With a bang that carried to them as they turned in at the gate, the screen door closed behind the form of Lavinia Ketchum. She stepped to the edge of the stoop at the back door of the house and shaded her eyes against the sun’s final rays.
In spite of the smile that lit her face and the small, tentative wave with which she welcomed them, Will, in an undertone, almost as if he was speaking to himself, muttered, “Something’s wrong.”
T
he Lord certainly knew what He was doing when He substituted Pearly for Anne at the Schmidt farm. And not entirely for Anne’s sake, who so dreaded being placed where there was an unknown, suspicious-appearing man. The elderly Franz she was prepared—grudgingly, it’s true—to accept, but the sturdy, manly form of his grandson—never!
How auspicious then, that the very person Anne looked on with apprehension, Pearly found so satisfactory.
Jolting across the prairie, a sapling at the side of the massive trunk that was Frank Schmidt, Pearly’s overflowing heart poured out, the entire trip, in paeans of joy. Everything, it seemed, pleased her.
“Oh, look!” she exclaimed when a hawk soared overhead, when a patch of prairie flowers appeared, when the wind blew the grasses in a magical display of syncopation and synchronization, back and forth, silently, as though swept by a Master’s hand. She sang it when a covey of prairie chickens flew up, almost from under the team’s hooves. She warbled it when the
sun, sinking at last, wrapped itself in folds of pink and silver and rested there on the horizon a while.
“Oh, listen!” she exclaimed when a lark sang, when, at a coulee at lunchtime, a frog croaked unmusically and bees hummed over a bed of blue-eyed grass flourishing daintily at the stream’s edge. She trilled it when, not far from the road, a ground squirrel chattered shrilly, accompanied by a sharp jerk of its tail, and slipped into its burrow.
The stolid, stoic Frank was bemused by her life and liveliness. She was the perfect match for his matter-of-fact, ponderous mind and body. Frank thought slow . . . he moved slow.
Pearly, in turn, was captured by that very deliberateness. While she had a lifetime of uncertainties behind her, he seemed to typify reliability, good substantial values—and, best of all!—staunch Christian virtues.

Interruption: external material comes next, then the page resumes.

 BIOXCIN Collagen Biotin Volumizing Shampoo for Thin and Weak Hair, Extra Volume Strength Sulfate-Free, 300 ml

Hardly able to believe it, at one point she rejoiced, apropos of nothing except perhaps that a four-legged creature—“gopher,” Frank said—scuttled across the road in front of the rig: “Praise God, from whom all blessings flow; praise Him, all creatures here below!”

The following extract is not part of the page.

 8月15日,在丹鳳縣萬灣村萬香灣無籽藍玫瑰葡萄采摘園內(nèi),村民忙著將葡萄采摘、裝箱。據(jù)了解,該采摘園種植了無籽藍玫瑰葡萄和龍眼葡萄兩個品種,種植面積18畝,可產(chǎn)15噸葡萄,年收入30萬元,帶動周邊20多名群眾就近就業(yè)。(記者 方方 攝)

Immediately Frank responded with, “Praise Him above, ye heavenly host; praise Father, Son, and Holy Ghost!”
It was truly a litany of praise, lifting out over the silence of the prairie as sweetly as though a mighty choir had sung the ancient doxology.
Pearly’s heart within her filled with an exultation over and above that of worship of her Lord. There was an acknowledging of the kindred spirit sitting next to her and a swelling of joy at the revelation. So certain was she, that she never doubted for one minute but what Frank recognized it, as she did.
At the realization of what was unfolding itself between them—as a flower, unresisting to the tug of the sun, uncurls itself fully to scatter its fragrance abroad—so the hearts of Frank Schmidt and Pearly Chapel opened at that moment.
Pearly’s great pansy-purple eyes swung in wonder toward the light-hued but earnest gaze of the young man, now looking at
her with astonishment mingled with awareness. Unlearned in the ways of love as they were, simple as they were in all things, and innocent, it never occurred to either of them that anything might be improper, or that it was too soon, or that anyone—man on earth or God above—wouldn’t approve.
Never a word was spoken. But Frank’s hamlike hand reached spontaneously toward Pearly, and her small hand, not yet free of calluses, slipped happily into it.